### ABOUT THIS EXERCISE
Copy each line below as written, but skip the pictures.

[INFORMATION SHOWN Boundary: Start]

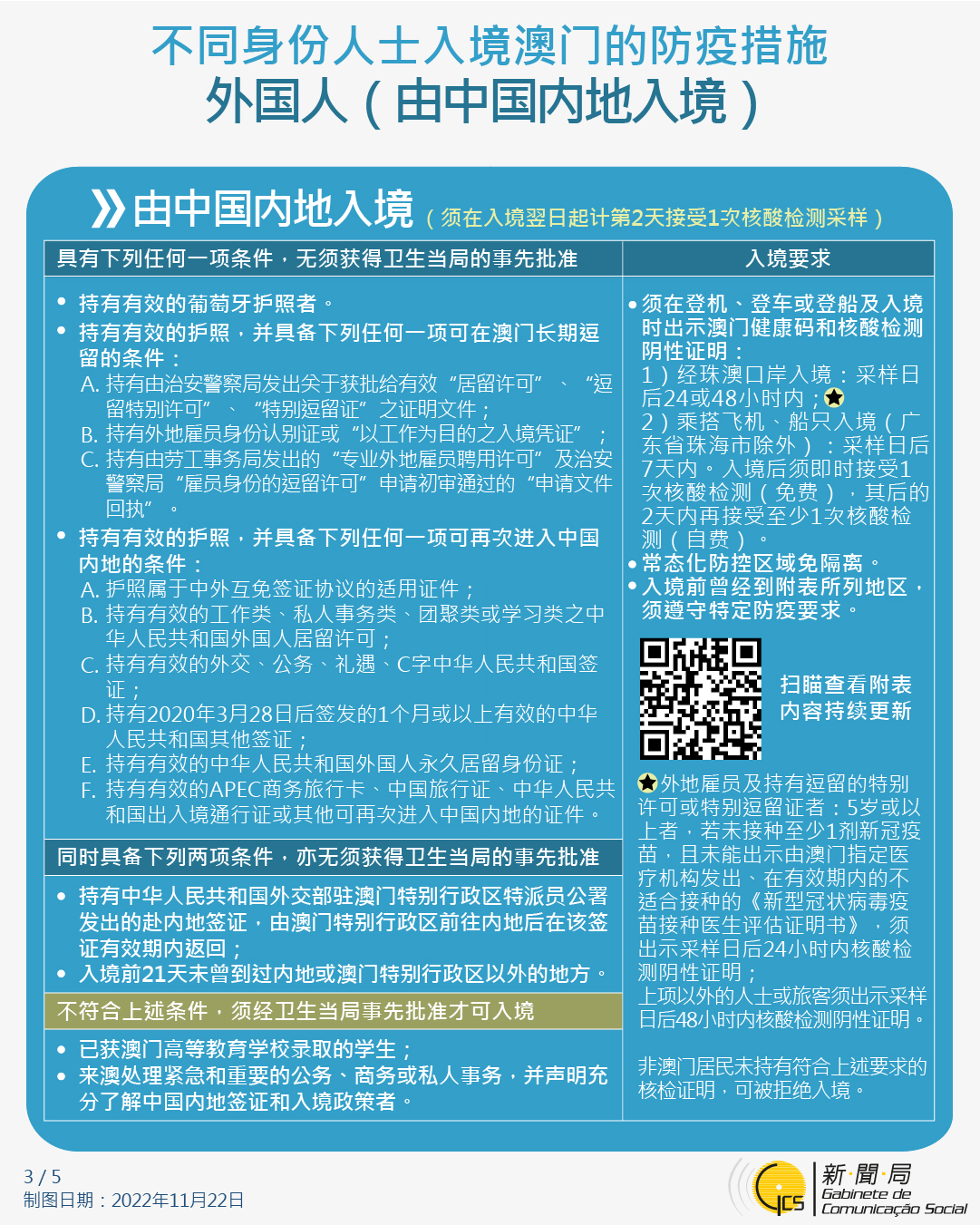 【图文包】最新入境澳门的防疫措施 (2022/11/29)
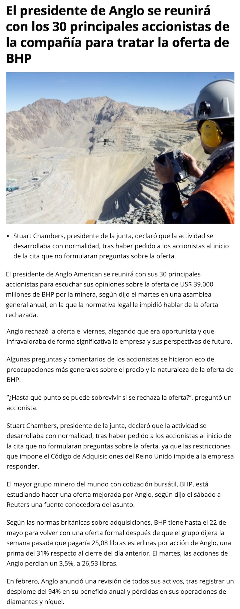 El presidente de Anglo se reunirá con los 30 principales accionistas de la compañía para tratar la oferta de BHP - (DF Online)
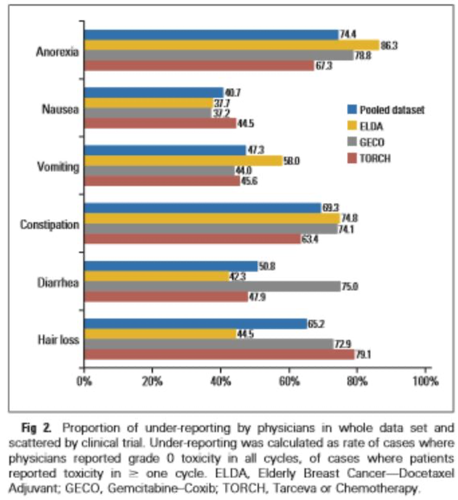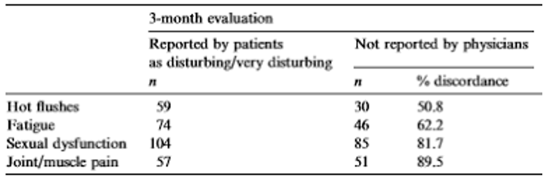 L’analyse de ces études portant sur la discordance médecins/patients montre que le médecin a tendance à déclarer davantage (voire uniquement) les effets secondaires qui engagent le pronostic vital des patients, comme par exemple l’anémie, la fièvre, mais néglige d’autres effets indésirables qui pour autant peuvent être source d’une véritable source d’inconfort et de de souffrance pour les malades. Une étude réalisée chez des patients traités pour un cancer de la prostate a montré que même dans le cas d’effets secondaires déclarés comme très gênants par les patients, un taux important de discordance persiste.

[INFORMATION SHOWN Boundary: End]

### OUTPUT
 【图文包】最新入境澳门的防疫措施 (2022/11/29)
 El presidente de Anglo se reunirá con los 30 principales accionistas de la compañía para tratar la oferta de BHP - (DF Online)
 L’analyse de ces études portant sur la discordance médecins/patients montre que le médecin a tendance à déclarer davantage (voire uniquement) les effets secondaires qui engagent le pronostic vital des patients, comme par exemple l’anémie, la fièvre, mais néglige d’autres effets indésirables qui pour autant peuvent être source d’une véritable source d’inconfort et de de souffrance pour les malades. Une étude réalisée chez des patients traités pour un cancer de la prostate a montré que même dans le cas d’effets secondaires déclarés comme très gênants par les patients, un taux important de discordance persiste.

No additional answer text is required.